New Zealand cricketer (born 1991)

Jessica Toihi McFadyen (born 5 October 1991) is a New Zealand cricketer who plays as a wicket-keeper for the Wellington Blaze. In November 2020, in the second round of the 2020–21 Hallyburton Johnstone Shield tournament, McFadyen scored 107 runs. She finished the tournament as the leading run-scorer for Wellington, with 397 runs in ten matches.

In May 2021, McFadyen was offered her first contract with the New Zealand women's cricket team. In August 2021, McFadyen earned her maiden call-up to the New Zealand women's cricket team, for their tour of England.

In June 2022, McFadyen was named in New Zealand's team for the cricket tournament at the 2022 Commonwealth Games in Birmingham, England.

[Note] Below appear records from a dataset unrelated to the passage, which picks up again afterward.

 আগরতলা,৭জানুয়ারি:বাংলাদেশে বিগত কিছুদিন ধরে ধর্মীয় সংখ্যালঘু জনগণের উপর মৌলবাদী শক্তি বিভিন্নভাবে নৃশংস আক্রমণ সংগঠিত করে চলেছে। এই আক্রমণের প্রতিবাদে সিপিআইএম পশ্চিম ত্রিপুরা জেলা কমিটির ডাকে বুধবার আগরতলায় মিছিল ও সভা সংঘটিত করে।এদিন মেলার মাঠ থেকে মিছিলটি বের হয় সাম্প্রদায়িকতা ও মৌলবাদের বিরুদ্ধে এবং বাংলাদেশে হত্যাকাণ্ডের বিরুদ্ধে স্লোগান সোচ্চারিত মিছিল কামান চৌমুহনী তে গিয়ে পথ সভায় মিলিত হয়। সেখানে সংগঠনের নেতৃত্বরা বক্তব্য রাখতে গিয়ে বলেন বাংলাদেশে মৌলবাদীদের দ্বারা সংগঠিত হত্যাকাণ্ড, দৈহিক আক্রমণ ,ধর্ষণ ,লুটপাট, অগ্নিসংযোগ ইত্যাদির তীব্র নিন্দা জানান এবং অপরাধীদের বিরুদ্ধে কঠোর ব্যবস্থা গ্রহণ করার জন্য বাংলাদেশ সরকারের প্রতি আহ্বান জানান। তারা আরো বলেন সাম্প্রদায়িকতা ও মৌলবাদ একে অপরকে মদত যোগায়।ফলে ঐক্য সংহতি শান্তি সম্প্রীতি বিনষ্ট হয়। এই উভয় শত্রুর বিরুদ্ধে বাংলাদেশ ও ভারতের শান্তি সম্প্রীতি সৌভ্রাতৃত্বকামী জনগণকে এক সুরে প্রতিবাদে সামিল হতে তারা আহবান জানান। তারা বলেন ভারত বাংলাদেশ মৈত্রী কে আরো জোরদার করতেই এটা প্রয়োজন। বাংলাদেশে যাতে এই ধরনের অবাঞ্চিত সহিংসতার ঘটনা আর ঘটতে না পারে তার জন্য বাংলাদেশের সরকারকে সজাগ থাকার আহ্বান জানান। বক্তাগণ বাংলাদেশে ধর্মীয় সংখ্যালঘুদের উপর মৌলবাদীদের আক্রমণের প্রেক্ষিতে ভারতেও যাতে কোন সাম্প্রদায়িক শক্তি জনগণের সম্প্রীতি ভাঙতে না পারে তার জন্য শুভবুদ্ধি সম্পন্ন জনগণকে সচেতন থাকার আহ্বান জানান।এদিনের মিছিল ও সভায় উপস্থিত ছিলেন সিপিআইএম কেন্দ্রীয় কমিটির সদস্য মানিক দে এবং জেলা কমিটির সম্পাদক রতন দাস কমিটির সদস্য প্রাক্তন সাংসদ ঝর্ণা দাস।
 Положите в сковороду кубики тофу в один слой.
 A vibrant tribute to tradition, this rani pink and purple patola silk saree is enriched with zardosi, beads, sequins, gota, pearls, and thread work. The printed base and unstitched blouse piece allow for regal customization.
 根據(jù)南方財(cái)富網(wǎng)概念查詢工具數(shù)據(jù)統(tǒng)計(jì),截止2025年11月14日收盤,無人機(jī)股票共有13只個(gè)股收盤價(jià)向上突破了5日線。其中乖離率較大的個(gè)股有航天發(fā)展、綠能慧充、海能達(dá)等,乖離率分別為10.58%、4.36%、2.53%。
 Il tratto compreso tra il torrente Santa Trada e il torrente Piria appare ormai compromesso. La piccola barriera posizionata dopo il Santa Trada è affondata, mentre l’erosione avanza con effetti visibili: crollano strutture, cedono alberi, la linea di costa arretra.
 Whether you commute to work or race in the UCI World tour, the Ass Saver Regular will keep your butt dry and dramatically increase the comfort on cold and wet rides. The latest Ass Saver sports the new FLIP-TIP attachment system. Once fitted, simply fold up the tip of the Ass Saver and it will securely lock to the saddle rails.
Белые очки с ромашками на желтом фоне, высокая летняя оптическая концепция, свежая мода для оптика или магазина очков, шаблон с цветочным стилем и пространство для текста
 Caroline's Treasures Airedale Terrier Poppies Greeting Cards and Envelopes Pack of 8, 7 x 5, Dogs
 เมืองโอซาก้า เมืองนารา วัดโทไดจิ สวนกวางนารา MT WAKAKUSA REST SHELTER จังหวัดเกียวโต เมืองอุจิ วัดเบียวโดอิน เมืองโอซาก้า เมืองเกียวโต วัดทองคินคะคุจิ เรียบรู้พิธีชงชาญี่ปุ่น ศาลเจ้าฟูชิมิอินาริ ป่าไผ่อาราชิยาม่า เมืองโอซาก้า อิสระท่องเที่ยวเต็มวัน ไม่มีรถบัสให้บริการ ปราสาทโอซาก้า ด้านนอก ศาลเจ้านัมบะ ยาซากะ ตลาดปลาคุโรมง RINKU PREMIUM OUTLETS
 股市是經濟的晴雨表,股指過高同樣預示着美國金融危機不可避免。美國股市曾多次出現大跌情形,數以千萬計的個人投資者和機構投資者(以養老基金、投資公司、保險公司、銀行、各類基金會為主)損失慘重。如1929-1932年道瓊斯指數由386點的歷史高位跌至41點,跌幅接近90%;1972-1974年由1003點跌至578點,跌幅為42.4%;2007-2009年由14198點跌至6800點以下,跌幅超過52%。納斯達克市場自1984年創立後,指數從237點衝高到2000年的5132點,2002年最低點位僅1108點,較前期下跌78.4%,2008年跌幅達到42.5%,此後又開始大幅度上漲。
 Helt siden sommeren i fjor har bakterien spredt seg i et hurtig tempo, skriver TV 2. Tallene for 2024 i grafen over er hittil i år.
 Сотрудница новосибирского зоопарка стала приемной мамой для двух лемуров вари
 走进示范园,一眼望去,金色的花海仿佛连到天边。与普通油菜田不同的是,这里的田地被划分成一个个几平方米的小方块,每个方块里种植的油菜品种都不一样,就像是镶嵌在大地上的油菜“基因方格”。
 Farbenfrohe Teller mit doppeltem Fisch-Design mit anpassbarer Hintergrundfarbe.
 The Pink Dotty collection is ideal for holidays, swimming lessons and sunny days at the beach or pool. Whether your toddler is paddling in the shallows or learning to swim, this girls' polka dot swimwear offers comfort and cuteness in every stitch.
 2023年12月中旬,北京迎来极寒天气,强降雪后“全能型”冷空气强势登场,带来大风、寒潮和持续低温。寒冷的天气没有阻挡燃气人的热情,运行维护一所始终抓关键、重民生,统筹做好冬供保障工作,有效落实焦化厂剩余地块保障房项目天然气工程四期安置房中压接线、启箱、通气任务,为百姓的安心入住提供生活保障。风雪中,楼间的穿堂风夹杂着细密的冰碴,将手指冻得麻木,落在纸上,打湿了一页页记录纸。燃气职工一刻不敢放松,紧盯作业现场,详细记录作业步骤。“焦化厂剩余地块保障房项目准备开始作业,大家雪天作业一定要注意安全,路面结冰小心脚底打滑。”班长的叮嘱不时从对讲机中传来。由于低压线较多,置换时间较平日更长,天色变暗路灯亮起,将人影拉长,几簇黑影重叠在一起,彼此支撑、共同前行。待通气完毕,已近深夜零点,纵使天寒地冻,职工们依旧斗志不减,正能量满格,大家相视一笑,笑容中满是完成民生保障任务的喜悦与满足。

She made her Twenty20 International debut on 2 December 2022, against Bangladesh, but fell ill during the game and did not bat or keep wicket. She made her One Day International debut on 11 December 2022, also against Bangladesh, taking one catch and making one stumping.

In 2024, McFadyen was named vice-captain of the New Zealand Māori women's cricket team for the 2024 Women's T20I Pacific Cup.